• **AIM OF THE EXERCISE**
The following data needs to be repeated exactly, with all images excluded.

• **DATASET EXTRACT**

· · · · ·

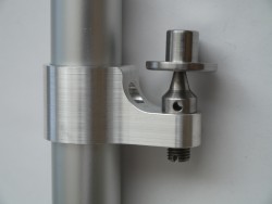 今回の「リジッド・タワー」の開発にあたってポイントとなったのが、チタンパイプ構造のフレーム部に設置された中段の棚板支持部。この部分には剛性が得られる超超ジュラルミンが特殊な接着法で取り付けられている。
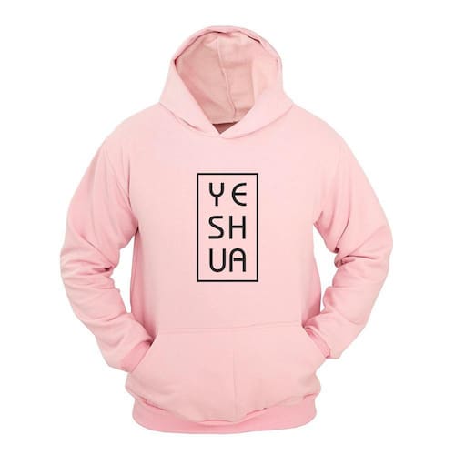 Moletom Masculino Canguru Estampa Yeshua com Capuz - Rosa Claro - GG
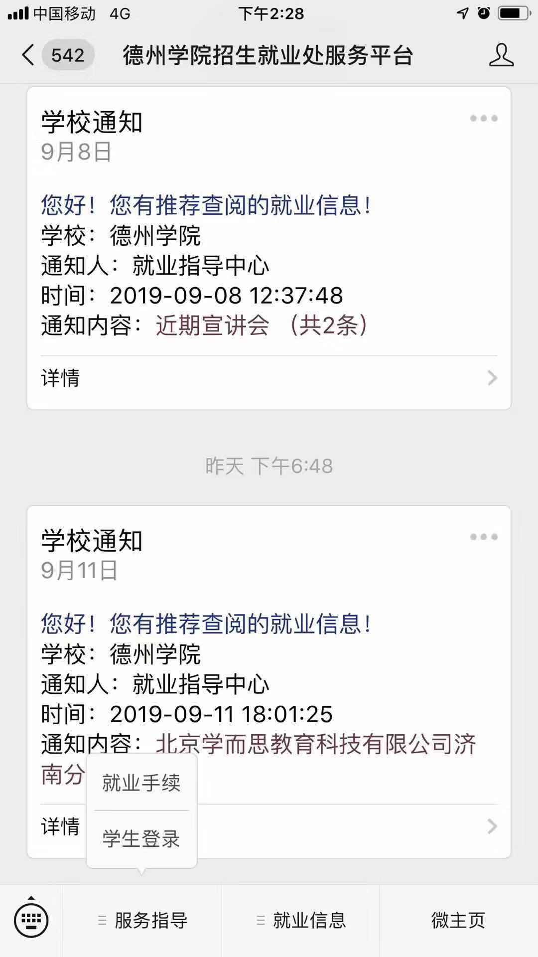 (二)手机端投递简历(关注德州学院招生就业处服务平台)
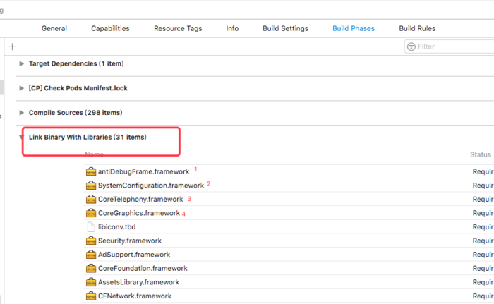 自己的库加载顺序:按照 Link Binary Libraries的顺序加载

· · · · ·

• **RESPONSE FOR THIS EXERCISE**
 今回の「リジッド・タワー」の開発にあたってポイントとなったのが、チタンパイプ構造のフレーム部に設置された中段の棚板支持部。この部分には剛性が得られる超超ジュラルミンが特殊な接着法で取り付けられている。
 Moletom Masculino Canguru Estampa Yeshua com Capuz - Rosa Claro - GG
 (二)手机端投递简历(关注德州学院招生就业处服务平台)
 自己的库加载顺序:按照 Link Binary Libraries的顺序加载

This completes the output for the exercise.